(Data excerpts):
◇ ◇ ◇ ◇ ◇

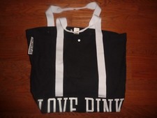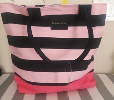 Sac cabas fourre-tout Victoria's Secret toile noire rose rayé rose NEUF
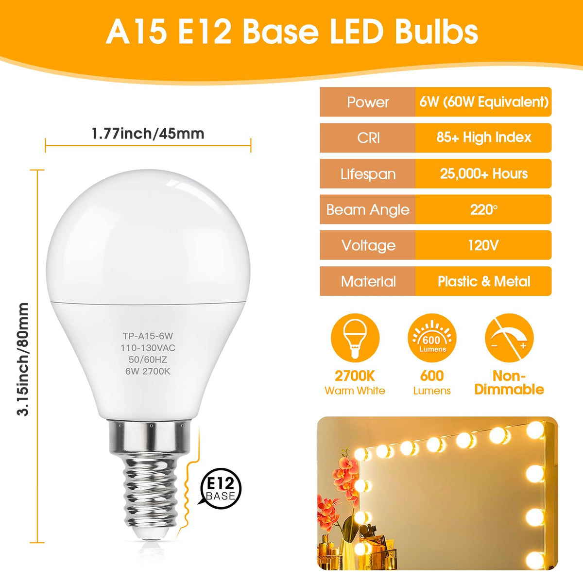Good Choice for the Decorative Lighting! Our 6W ceiling fan bulbs perfectly combines aesthetic with modern technology, illuminating any surroundings in household or commercial areas. It’s very suitable to decorate the house and set the mood for the room. These E12 LED candelabra bulbs are ideal for chandelier, ceiling fan, wall sconce, pendant light in living room, dining room, hallway, utility room, entryway, porch, foyer and so on. Why Choose Our Candelabra Base Light Bulbs? Saving Money -- Replace 60W equivalent by 6W. High CRI 85+ -- Show true color of your room. 2700K Warm White -- relax and comfortable. No flicker -- Protect for your eyesight. Package Includes: 6 x 6W E12 ceiling fan bulbs 2700K (Non-Dimmable, please DO NOT use it with dimmer switch or dimmable socket.) FAQ: Q: Are these E12 LED LIight Bulbs dimmable? A: No, these bulbs are NON-DIMMABLE. DO NOT use with dimmer switch or dimmable socket.
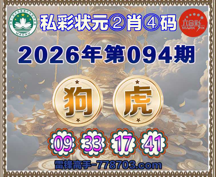094期:《私彩状元》 💎②肖④码💎【狗】【09.33.17.41】开:虎17
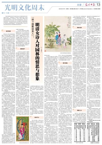 中国古典园林的历史可追溯至先秦,有关园林的诗文创作同样历史悠久。至晚明清初,江南的私人园林的兴建,为中国园林文化的发展注入了新的活力。在这一时期,以园林为主题的诗文创作蔚为风尚,达到了前所未有的繁盛局面。善诗工画的士绅阶层女性也日益活跃于这一文化场域中,使园林诗焕发出新的意涵。家族园林成为闺秀们表达审美情致、体现文化身份、营造女性空间的重要场所。女性的园林诗表达了女诗人对社会性别的思考和对中国诗歌传统的深切回应。 植花咏蔬 明清女诗人常在宅邸庭园栽花植草,以赏花抒怀为雅好。甘立媃所作《花中十友诗》即是佳例,她以每首咏一花结谊为友,其分别以桂花仙友、荷花净友、梅花清友、菊花佳友、海棠名友、酴醾韵友、瑞香殊友、栀子禅友、兰花芳友及蜡梅奇友为诗题。于十首诗之后,甘立媃又赋尾诗一首,以抒广交女性贤友之愿:“解颦有意弄芳妍,恰比人间益友贤。半世吟魂资伴侣,百年心事寄诗篇。愁城乐土纷开谢,月夕风晨见性天。愿得万花都入谱,广交四海得忘年。”在霞蔚缤纷的诗境中,甘立媃把万花视为知音,同时也与历代文人的同主题诗歌隔空酬唱,意境深远开阔。甘氏另有《梅花绝句三十首》,以多重角度呈现出梅花之神韵。她不仅咏叹不同时节的梅花(如早梅、晚梅、春梅、寒梅等),亦细致刻画其在不同环境中的姿态:岭梅“数枝斜耸插云窝,千树花开总后他”;溪梅“落花水面无人问,莫作桃源浪品题”;官梅“相看官阁花初放,古色今香一样清”;野梅“幽性清标识本稀,荒村野径偶相依”;瓶梅“修到梅花不计年,胆瓶相对亦前缘”。尤具雅趣者,则是诗人对她与梅花互动关系的描写,如寻梅、观梅、折梅、画梅,更不乏具有女性气息的簪梅之趣(“昨夜芳林春有信,新从镜影上钗头”)与嚼梅之味(“拈来尝试吟花口,直沁诗脾香味除”),尽显细腻别致之情思。晏诉真与张纨英也曾以自家庭园所植花卉为题,各自创作组诗,晏氏以34首律诗咏花写意,而张氏则以8首律诗绘写园中花事,诗风隽秀朗润。 女诗人们不仅钟情于吟咏花木之美,更缱绻于采录亲身参与园艺的日常生活。如张藻的《移菊》一诗,描绘了女诗人在晚秋亲手把菊花移植于宅中静逸园的图景。在历代诗文中,菊花常被隐喻为历经风霜的孤高傲岸的风骨,而在张藻的诗中,菊花却超脱于这种经典形象的复造。诗人以女性的身体柔弱给予菊花笃爱的呵护:“霜严勤护惜,切莫任离披。”一种审美的心绪伴行于有温度的生活,飘逸流转。 又如张藻的《画菜二绝》,将自己在园圃种植蔬菜的寻常琐事一并入画题诗。其一题曰:“土膏浮动露痕青,生趣天然涉笔成。却笑髯苏贪一饱,煮来午后说消酲。”其二题曰:“江南雨后青尤好,抽得新芽黛嫩凉。半幅家园好烟景,凭添白苋与红姜。”在诗、书、画的韵味交融中,张藻通过造境拓展了审美想象,透显出明清士绅阶层女性在生活和艺术之间所颐养的审美情致。 尽管明清士绅阶层女性普遍喜爱植花咏蔬,但亲自下地种菜者较为少见。一方面,家中婢仆代劳,使她们无须亲履园圃;另一方面,闺秀身份也受到那个时代的世俗伦理约束,以致她们亲耕农桑的举动常被视为有违闺秀规范。在此背景下,张印的长诗《种菜》就显得颇不寻常了。此诗摒弃了六朝宫体诗对闺阁生活柔靡的藻饰,淳然地勾勒出诗人与婢女四时种蔬、同耕共作的场景: 我性喜种植,况此多荒陂。 春风吹浩荡,人意良迟迟。 赤脚灶下婢,饭后辄酣嬉。 亦欲课之读,目不识书诗。 顾使把犁锄,欣然愿我随。 荆榛既日辟,礧砢亦日夷。 于此压豆荚,于彼播露葵。 秋菘与春韭,燥湿相所宜。 纵横有经纬,我心堪自师。 中馈及暇日,到此神旷怡。 会当微雨过,生理渐以滋。 破土玉芽茁,临风翠叶披。 哑然时失笑,暴富同贫儿。 读罢全诗,素朴的画面中仿佛溢出泥土气息,不可遏制地弥漫而来。首联“我性喜种植,况此多荒陂”化用了陶渊明《归园田居》(其一)中“少无适俗韵,性本爱丘山”与“开荒南野际,守拙归园田”两联,显然意在向这位田园诗派的鼻祖致敬。张印以亲身耕耘呼应陶渊明的归隐理想,不但无损其闺秀身份,反而平添了几分脱去脂粉气的审美情致。 诗中所咏之蔬包括豆荚、露葵、菘菜(类似今之白菜)与韭菜,皆为庖厨俗见之物。诗人不仅识其生长习性、晓其节令,更能因地制宜地安排种植,于细微处见巧思,于劳作中显从容,字里行间饱含着与自然对话的馨雅与娴熟。最为动人者,当属尾联“哑然时失笑,暴富同贫儿”,一句自嘲,尽显丰收之乐。这不仅是对田园耕种的温情书写,也是超越物质的精神满足与文化姿态。张印的劳动体验不仅为女性园林诗增添了质朴落地的野趣,也拓绘出一幅空间建构的园圃图景。 桐阴教子 在中国古代文化传统中,园林是践行教养之道的重要空间。明清之际,伴随女性识字率的提升与母职在家庭结构中地位的凸显,女性诗画中的育子主题显著增多。其中“桐阴教子”或“桐阴课子”是清代女性诗画作品的常见主题,其不但体现了她们对母亲角色的自觉实践与教育理想,也表明了园林空间在家庭教育中的重要性日益提升。在花木扶疏间,母亲们不仅传授诗书礼仪,更以草木为媒介,教化子女性灵的塑成。 翁瑛《题自写桐阴教子图》一诗,以图文互证的形式将育子的日常经验升华为文化象征。其诗不仅描摹庭
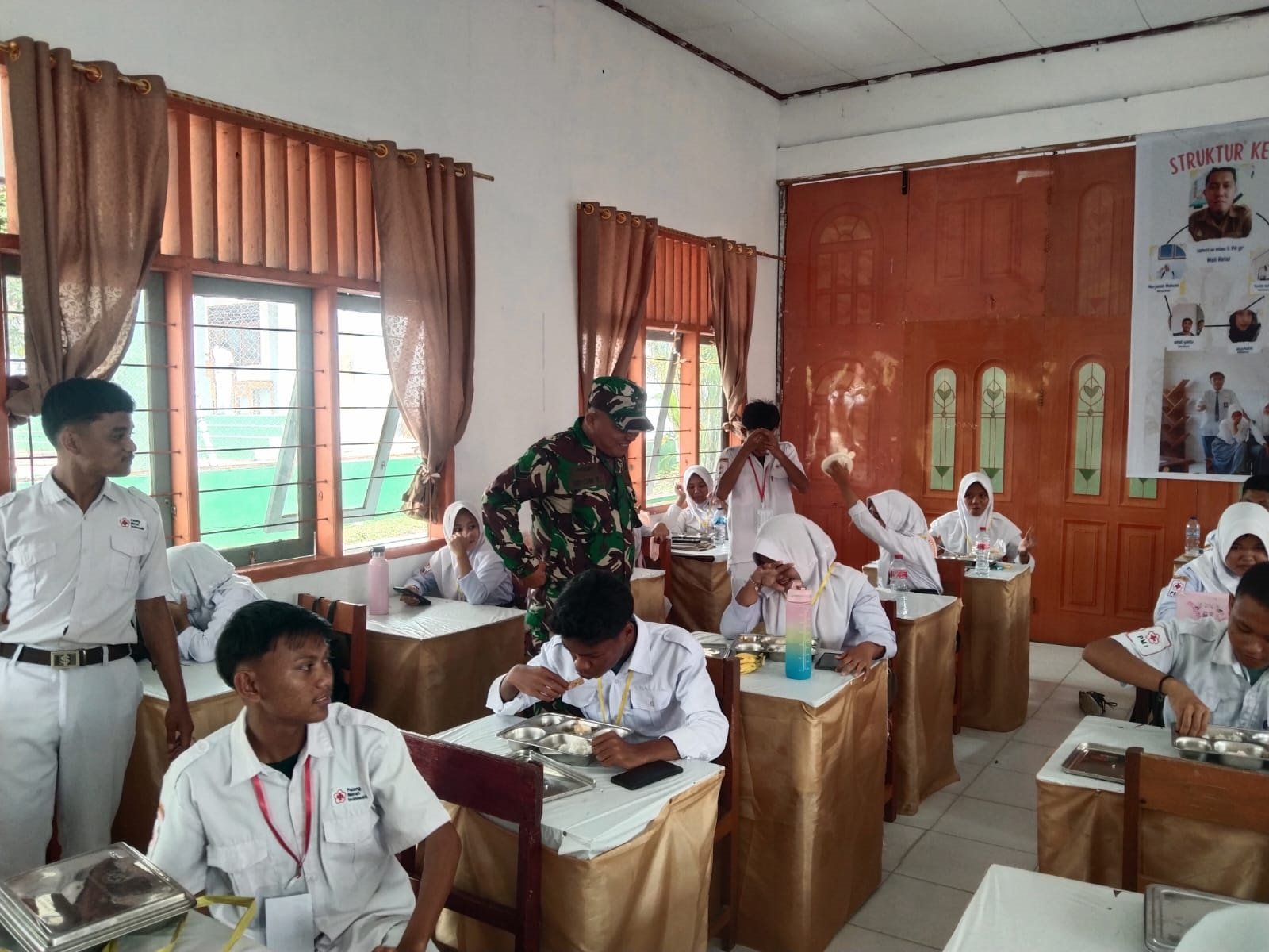 Gorontalo, 21 Januari 2026 – Sertu Ipon Towapa, Babinsa Koramil 1315-04/Tibawa, ikut mendampingi pelaksanaan Makan Bergizi Gratis bagi siswa di Kecamatan Tibawa, Kabupaten Gorontalo. Kegiatan ini menjadi wujud dukungan TNI terhadap program nasional peningkatan gizi anak sekolah.

◇ ◇ ◇ ◇ ◇

(Instructions to follow):
The records above are to be repeated word for word, with the pictures omitted.

(Answer space):
 Sac cabas fourre-tout Victoria's Secret toile noire rose rayé rose NEUF
Good Choice for the Decorative Lighting! Our 6W ceiling fan bulbs perfectly combines aesthetic with modern technology, illuminating any surroundings in household or commercial areas. It’s very suitable to decorate the house and set the mood for the room. These E12 LED candelabra bulbs are ideal for chandelier, ceiling fan, wall sconce, pendant light in living room, dining room, hallway, utility room, entryway, porch, foyer and so on. Why Choose Our Candelabra Base Light Bulbs? Saving Money -- Replace 60W equivalent by 6W. High CRI 85+ -- Show true color of your room. 2700K Warm White -- relax and comfortable. No flicker -- Protect for your eyesight. Package Includes: 6 x 6W E12 ceiling fan bulbs 2700K (Non-Dimmable, please DO NOT use it with dimmer switch or dimmable socket.) FAQ: Q: Are these E12 LED LIight Bulbs dimmable? A: No, these bulbs are NON-DIMMABLE. DO NOT use with dimmer switch or dimmable socket.
094期:《私彩状元》 💎②肖④码💎【狗】【09.33.17.41】开:虎17
 中国古典园林的历史可追溯至先秦,有关园林的诗文创作同样历史悠久。至晚明清初,江南的私人园林的兴建,为中国园林文化的发展注入了新的活力。在这一时期,以园林为主题的诗文创作蔚为风尚,达到了前所未有的繁盛局面。善诗工画的士绅阶层女性也日益活跃于这一文化场域中,使园林诗焕发出新的意涵。家族园林成为闺秀们表达审美情致、体现文化身份、营造女性空间的重要场所。女性的园林诗表达了女诗人对社会性别的思考和对中国诗歌传统的深切回应。 植花咏蔬 明清女诗人常在宅邸庭园栽花植草,以赏花抒怀为雅好。甘立媃所作《花中十友诗》即是佳例,她以每首咏一花结谊为友,其分别以桂花仙友、荷花净友、梅花清友、菊花佳友、海棠名友、酴醾韵友、瑞香殊友、栀子禅友、兰花芳友及蜡梅奇友为诗题。于十首诗之后,甘立媃又赋尾诗一首,以抒广交女性贤友之愿:“解颦有意弄芳妍,恰比人间益友贤。半世吟魂资伴侣,百年心事寄诗篇。愁城乐土纷开谢,月夕风晨见性天。愿得万花都入谱,广交四海得忘年。”在霞蔚缤纷的诗境中,甘立媃把万花视为知音,同时也与历代文人的同主题诗歌隔空酬唱,意境深远开阔。甘氏另有《梅花绝句三十首》,以多重角度呈现出梅花之神韵。她不仅咏叹不同时节的梅花(如早梅、晚梅、春梅、寒梅等),亦细致刻画其在不同环境中的姿态:岭梅“数枝斜耸插云窝,千树花开总后他”;溪梅“落花水面无人问,莫作桃源浪品题”;官梅“相看官阁花初放,古色今香一样清”;野梅“幽性清标识本稀,荒村野径偶相依”;瓶梅“修到梅花不计年,胆瓶相对亦前缘”。尤具雅趣者,则是诗人对她与梅花互动关系的描写,如寻梅、观梅、折梅、画梅,更不乏具有女性气息的簪梅之趣(“昨夜芳林春有信,新从镜影上钗头”)与嚼梅之味(“拈来尝试吟花口,直沁诗脾香味除”),尽显细腻别致之情思。晏诉真与张纨英也曾以自家庭园所植花卉为题,各自创作组诗,晏氏以34首律诗咏花写意,而张氏则以8首律诗绘写园中花事,诗风隽秀朗润。 女诗人们不仅钟情于吟咏花木之美,更缱绻于采录亲身参与园艺的日常生活。如张藻的《移菊》一诗,描绘了女诗人在晚秋亲手把菊花移植于宅中静逸园的图景。在历代诗文中,菊花常被隐喻为历经风霜的孤高傲岸的风骨,而在张藻的诗中,菊花却超脱于这种经典形象的复造。诗人以女性的身体柔弱给予菊花笃爱的呵护:“霜严勤护惜,切莫任离披。”一种审美的心绪伴行于有温度的生活,飘逸流转。 又如张藻的《画菜二绝》,将自己在园圃种植蔬菜的寻常琐事一并入画题诗。其一题曰:“土膏浮动露痕青,生趣天然涉笔成。却笑髯苏贪一饱,煮来午后说消酲。”其二题曰:“江南雨后青尤好,抽得新芽黛嫩凉。半幅家园好烟景,凭添白苋与红姜。”在诗、书、画的韵味交融中,张藻通过造境拓展了审美想象,透显出明清士绅阶层女性在生活和艺术之间所颐养的审美情致。 尽管明清士绅阶层女性普遍喜爱植花咏蔬,但亲自下地种菜者较为少见。一方面,家中婢仆代劳,使她们无须亲履园圃;另一方面,闺秀身份也受到那个时代的世俗伦理约束,以致她们亲耕农桑的举动常被视为有违闺秀规范。在此背景下,张印的长诗《种菜》就显得颇不寻常了。此诗摒弃了六朝宫体诗对闺阁生活柔靡的藻饰,淳然地勾勒出诗人与婢女四时种蔬、同耕共作的场景: 我性喜种植,况此多荒陂。 春风吹浩荡,人意良迟迟。 赤脚灶下婢,饭后辄酣嬉。 亦欲课之读,目不识书诗。 顾使把犁锄,欣然愿我随。 荆榛既日辟,礧砢亦日夷。 于此压豆荚,于彼播露葵。 秋菘与春韭,燥湿相所宜。 纵横有经纬,我心堪自师。 中馈及暇日,到此神旷怡。 会当微雨过,生理渐以滋。 破土玉芽茁,临风翠叶披。 哑然时失笑,暴富同贫儿。 读罢全诗,素朴的画面中仿佛溢出泥土气息,不可遏制地弥漫而来。首联“我性喜种植,况此多荒陂”化用了陶渊明《归园田居》(其一)中“少无适俗韵,性本爱丘山”与“开荒南野际,守拙归园田”两联,显然意在向这位田园诗派的鼻祖致敬。张印以亲身耕耘呼应陶渊明的归隐理想,不但无损其闺秀身份,反而平添了几分脱去脂粉气的审美情致。 诗中所咏之蔬包括豆荚、露葵、菘菜(类似今之白菜)与韭菜,皆为庖厨俗见之物。诗人不仅识其生长习性、晓其节令,更能因地制宜地安排种植,于细微处见巧思,于劳作中显从容,字里行间饱含着与自然对话的馨雅与娴熟。最为动人者,当属尾联“哑然时失笑,暴富同贫儿”,一句自嘲,尽显丰收之乐。这不仅是对田园耕种的温情书写,也是超越物质的精神满足与文化姿态。张印的劳动体验不仅为女性园林诗增添了质朴落地的野趣,也拓绘出一幅空间建构的园圃图景。 桐阴教子 在中国古代文化传统中,园林是践行教养之道的重要空间。明清之际,伴随女性识字率的提升与母职在家庭结构中地位的凸显,女性诗画中的育子主题显著增多。其中“桐阴教子”或“桐阴课子”是清代女性诗画作品的常见主题,其不但体现了她们对母亲角色的自觉实践与教育理想,也表明了园林空间在家庭教育中的重要性日益提升。在花木扶疏间,母亲们不仅传授诗书礼仪,更以草木为媒介,教化子女性灵的塑成。 翁瑛《题自写桐阴教子图》一诗,以图文互证的形式将育子的日常经验升华为文化象征。其诗不仅描摹庭
 Gorontalo, 21 Januari 2026 – Sertu Ipon Towapa, Babinsa Koramil 1315-04/Tibawa, ikut mendampingi pelaksanaan Makan Bergizi Gratis bagi siswa di Kecamatan Tibawa, Kabupaten Gorontalo. Kegiatan ini menjadi wujud dukungan TNI terhadap program nasional peningkatan gizi anak sekolah.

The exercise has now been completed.